Disdier M, Morrissey J H, Fugate R D, Bainton D F, McEver R P
Department of Medicine, St. Francis Medical Research Institute, University of Oklahoma Health Sciences Center, Oklahoma City.
Mol Biol Cell. 1992 Mar;3(3):309-21. doi: 10.1091/mbc.3.3.309.

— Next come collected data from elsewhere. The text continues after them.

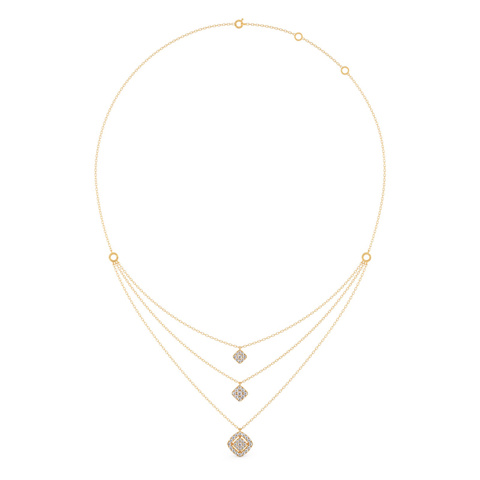 The Trinity Halo Diamond Necklace showcases three dazzling diamonds, each surrounded by a luminous halo of smaller stones. This elegant design symbolizes unity and balance, offering timeless sparkle and sophistication—perfect for adding a graceful touch to any ensemble.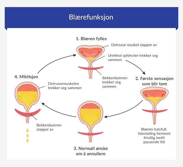 Det kan også være forårsaket av et problem med detrusormusklene dine der de ikke kan trekke seg helt sammen, noe som betyr at blæren din aldri tømmes helt. Dette kan skje hos personer med nerveskade eller som tar visse medisiner.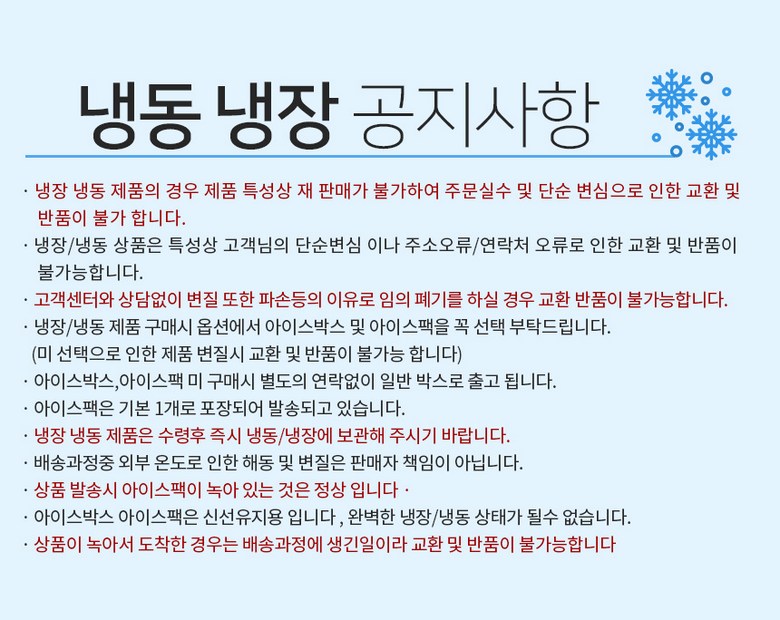 - ㆍ교환/반품에 관한 일반적인 사항은 판매자가 제시사항보다 관계법령이 우선합니다.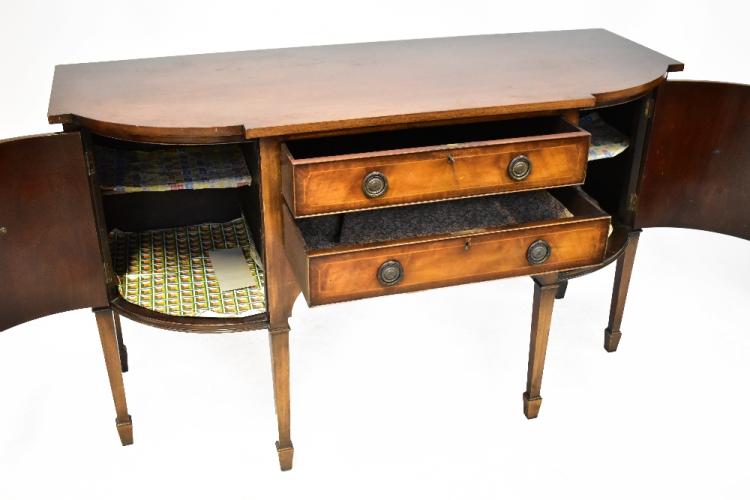 Lot 43 of 1061: A reproduction mahogany bow-front sideboard, with pair of doors above arched alcove, flanked by pair of bowed panelled doors, raised on square tapering supports to spade feet, 91.5 x 153 x 59.5cm.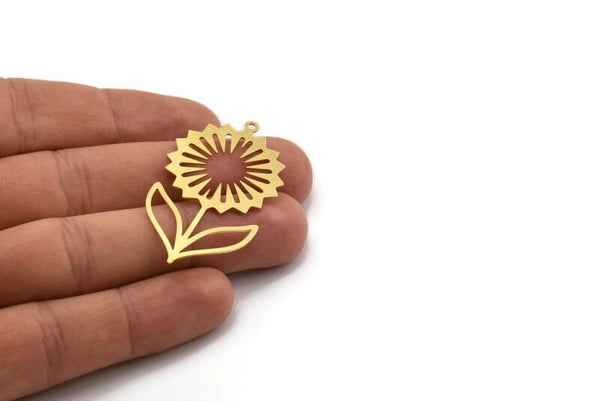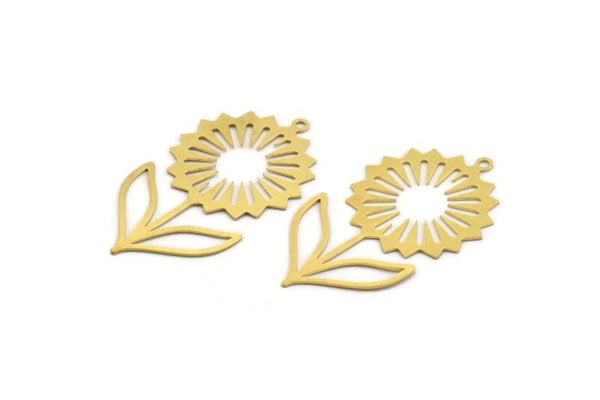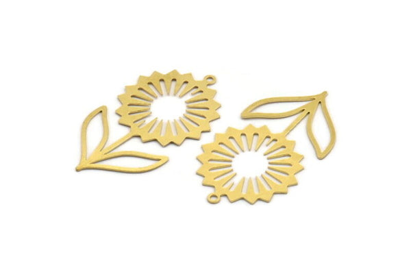 Pirinç Çiçek Tılsımı, 1 Halkalı 6 Ham Pirinç Ayçiçeği Şekilli Tılsım, Küpe Tılsımları (48x26x0,60 mm) A4922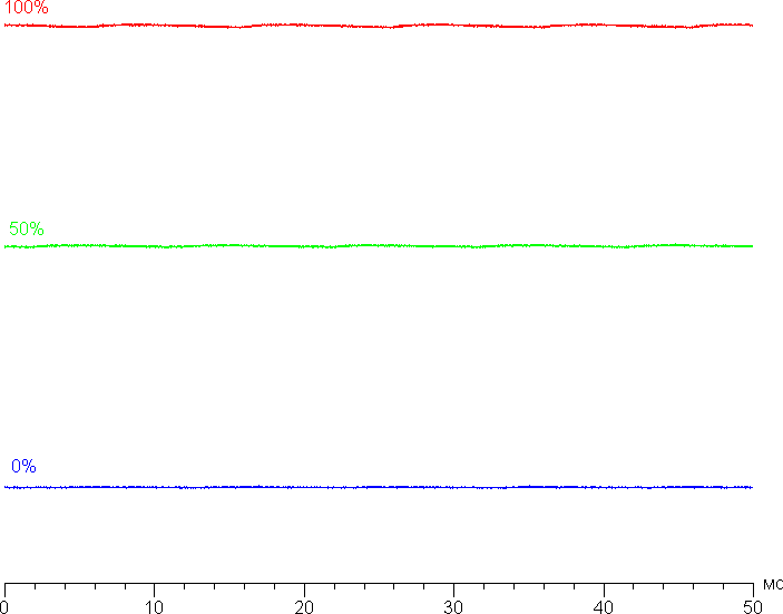 Яркость монитора меняется именно яркостью подсветки, то есть без ущерба для качества изображения (сохраняется контрастность и количество различимых градаций) яркость монитора можно менять в широких пределах, что позволяет с комфортом работать, играть и смотреть фильмы как в освещенном, так и в темном помещении, хотя для последнего случая минимальная яркость кому-то может показаться высоковатой. На любом уровне яркости значимая модуляция подсветки отсутствует, что исключает видимое мерцание экрана. Для тех, кто привык распознавать знакомое сокращение, уточним: ШИМ отсутствует. В доказательство приведем графики зависимости яркости (вертикальная ось) от времени (горизонтальная ось) при различных значениях настройки яркости: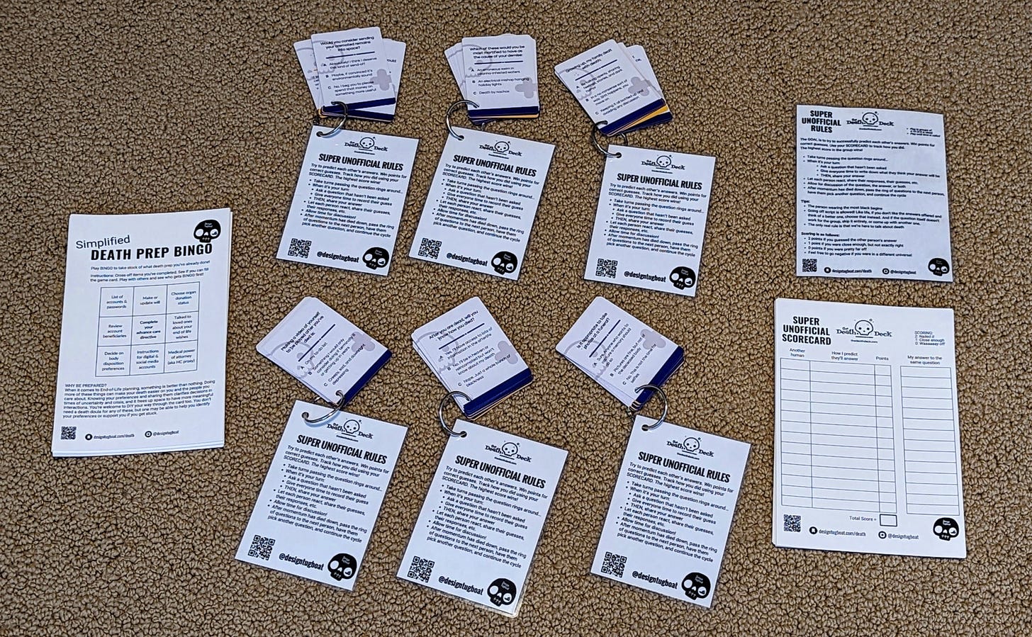 I had an absolute blast coming up with how we’d play. I hadn’t asked people to RSVP, so I didn’t know if I should expect 1 person or 100. Oops—but instant learning! My new friends at the Death Deck had suggested putting the cards on rings to allow for easy cleanup. I got to work creating rules that could still work even if the event was big enough that I couldn’t facilitate some of the groups myself. I had prizes for the winners of made-up categories. I also created a simplified Death Prep BINGO card to personalize the abstract topic of End-of-Life planning and give people something tangible as a take-away.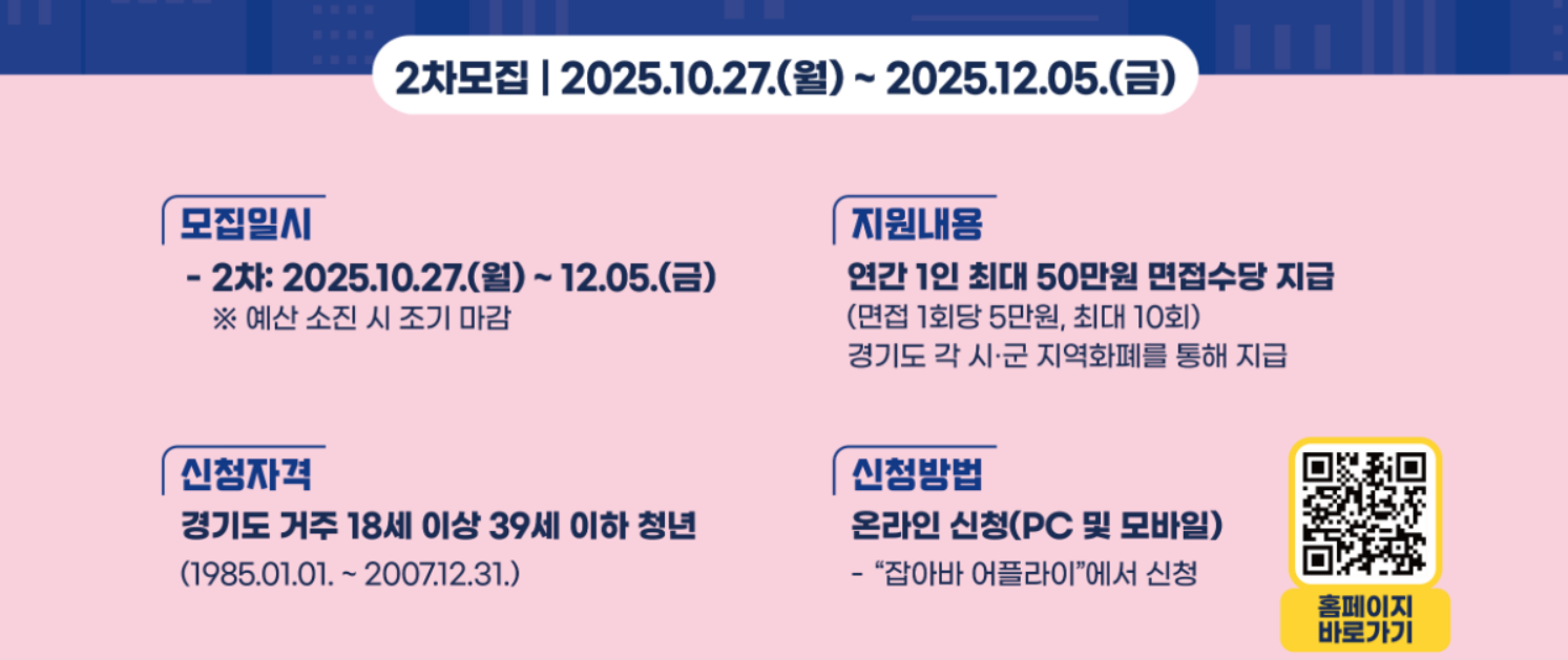 경기도에 거주하는 만 18세~39세 청년이 실제 면접을 본 경우, 면접 1회당 10만 원을 지급받을 수 있습니다.
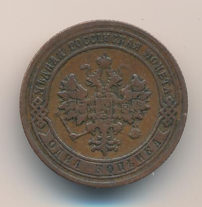 Лицевая сторона — двуглавый орел, надпись МЕДНАЯ РОССIЙСКАЯ МОНЕТА и обозначение номинала (одна копейка); оборотная — обозначение номинала (1 копейка) в бусовом ободке и дата. Нормативный вес — 3,28 грамма, гурт рубчатый.

P-selectin (CD62), formerly called GMP-140 or PADGEM, is a membrane protein located in secretory storage granules of platelets and endothelial cells. To study the mechanisms responsible for the targeting of P-selectin to storage granules, we transfected its cDNA into COS-7 and CHO-K1 cells, which lack a regulated exocytic pathway, or into AtT20 cells, which are capable of regulated secretion. P-selectin was expressed on the plasma membrane of COS-7 and CHO-K1 cells but was concentrated in storage granules of AtT20 cells. Immunogold electron microscopy indicated that the electron-dense granules containing P-selectin in AtT20 cells also stored the endogenous soluble hormone ACTH. Activation of AtT20 cells with 8-Br-cAMP increased the surface expression of P-selectin, consistent with agonist-induced fusion of granule membranes with the plasma membrane. Deletion of the last 23 amino acids of the 35-residue cytoplasmic domain resulted in delivery of P-selectin to the plasma membrane of AtT20 cells. Replacement of the cytoplasmic tail of tissue factor, a plasma membrane protein, with the cytoplasmic domain of P-selectin redirected the chimeric molecule to granules. We conclude that the cytoplasmic domain of P-selectin is both necessary and sufficient for sorting of membrane proteins into the regulated pathway of secretion.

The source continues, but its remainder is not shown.